● Problem requirements:
In the records below, find each line containing the word "with" and copy it.

● Data for review:
---------------

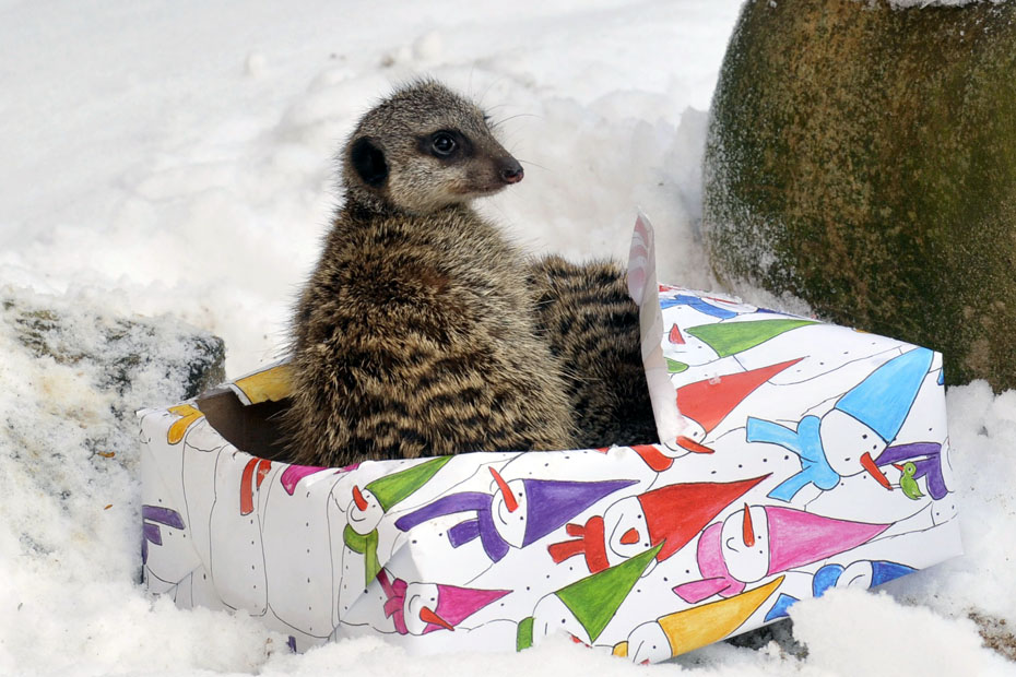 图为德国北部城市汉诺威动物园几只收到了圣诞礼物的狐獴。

---------------

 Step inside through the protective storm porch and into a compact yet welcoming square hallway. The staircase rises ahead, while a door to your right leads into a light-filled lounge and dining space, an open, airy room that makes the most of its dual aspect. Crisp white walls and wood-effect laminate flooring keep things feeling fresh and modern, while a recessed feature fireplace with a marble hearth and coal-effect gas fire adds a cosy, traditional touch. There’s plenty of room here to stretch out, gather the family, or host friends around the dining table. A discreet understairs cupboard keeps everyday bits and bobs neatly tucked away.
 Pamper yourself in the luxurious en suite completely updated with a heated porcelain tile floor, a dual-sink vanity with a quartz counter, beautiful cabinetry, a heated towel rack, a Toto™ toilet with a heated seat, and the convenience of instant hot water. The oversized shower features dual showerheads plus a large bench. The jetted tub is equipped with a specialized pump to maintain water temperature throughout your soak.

---------------

● Exercise output:
 Step inside through the protective storm porch and into a compact yet welcoming square hallway. The staircase rises ahead, while a door to your right leads into a light-filled lounge and dining space, an open, airy room that makes the most of its dual aspect. Crisp white walls and wood-effect laminate flooring keep things feeling fresh and modern, while a recessed feature fireplace with a marble hearth and coal-effect gas fire adds a cosy, traditional touch. There’s plenty of room here to stretch out, gather the family, or host friends around the dining table. A discreet understairs cupboard keeps everyday bits and bobs neatly tucked away.
 Pamper yourself in the luxurious en suite completely updated with a heated porcelain tile floor, a dual-sink vanity with a quartz counter, beautiful cabinetry, a heated towel rack, a Toto™ toilet with a heated seat, and the convenience of instant hot water. The oversized shower features dual showerheads plus a large bench. The jetted tub is equipped with a specialized pump to maintain water temperature throughout your soak.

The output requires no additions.